-- Information shown follows --

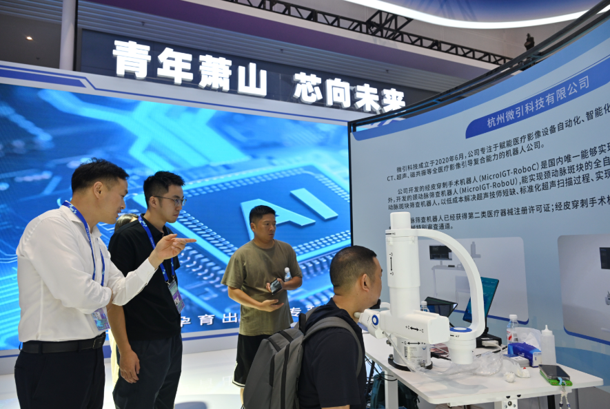 微医参展人员表示,依托萧山产业生态优势和优越的政策环境,计划10月迎客的微医AI国际健康中心将在大数据应用、上下游资源链接、场景应用等方面展开深度探索,在萧山形成从基础研究、技术开发到场景应用的完整产业链。
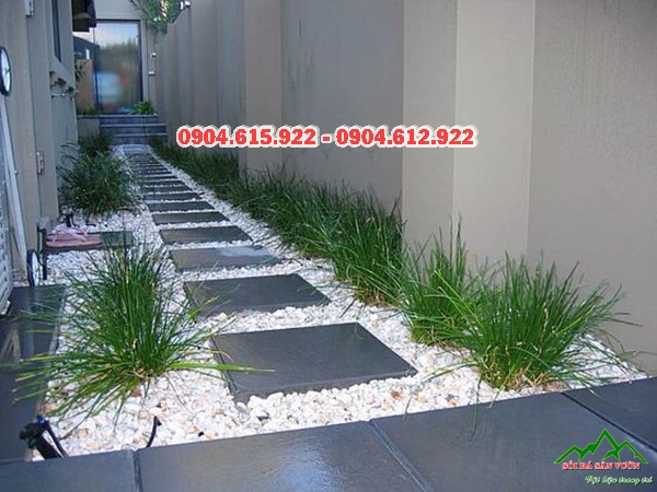 Con đường lát sỏi trắng tạo sự tương phản đẹp mắt
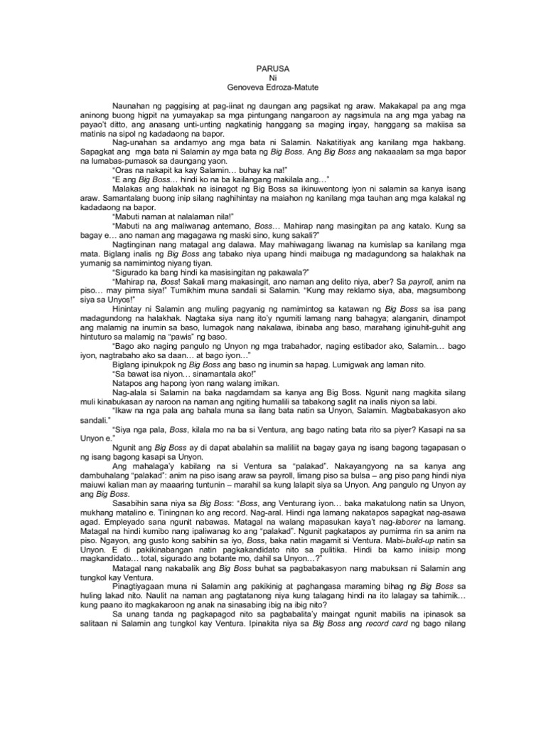 Parusa Ni Genoveva Edroza Matute Mensahe
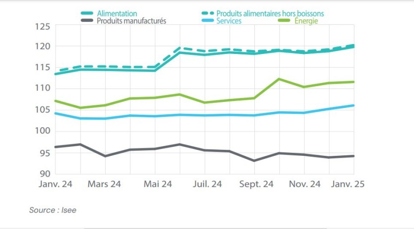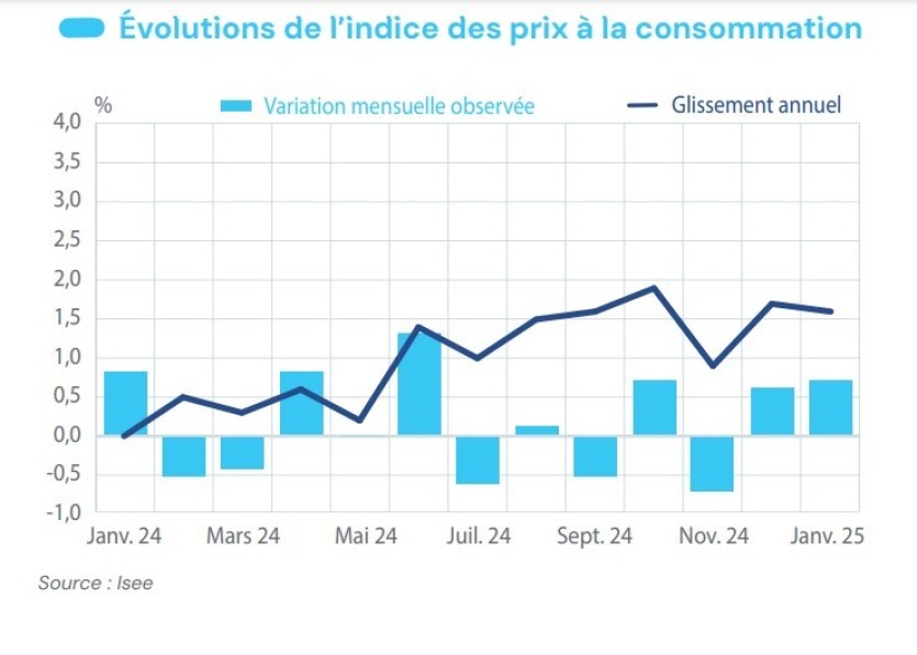 L’augmentation des prix de l’alimentation s’accélère, avec + 1,5 % en janvier, après + 0,6 % en décembre 2024. Cette hausse est directement imputable aux prix des légumes qui progressent de 11,4 % ce mois-ci. "Les conditions climatiques, sécheresse et températures élevées, ont affecté les cultures (maraîchères notamment), réduisant ainsi la production locale", indique l’Isee (Institut de la statistique et des études économiques).

-- Information shown concluded --

→ Activity:
Each line above is to be transcribed exactly, though its pictures are not.

→ Problem solution:
 微医参展人员表示,依托萧山产业生态优势和优越的政策环境,计划10月迎客的微医AI国际健康中心将在大数据应用、上下游资源链接、场景应用等方面展开深度探索,在萧山形成从基础研究、技术开发到场景应用的完整产业链。
 Con đường lát sỏi trắng tạo sự tương phản đẹp mắt
 Parusa Ni Genoveva Edroza Matute Mensahe
 L’augmentation des prix de l’alimentation s’accélère, avec + 1,5 % en janvier, après + 0,6 % en décembre 2024. Cette hausse est directement imputable aux prix des légumes qui progressent de 11,4 % ce mois-ci. "Les conditions climatiques, sécheresse et températures élevées, ont affecté les cultures (maraîchères notamment), réduisant ainsi la production locale", indique l’Isee (Institut de la statistique et des études économiques).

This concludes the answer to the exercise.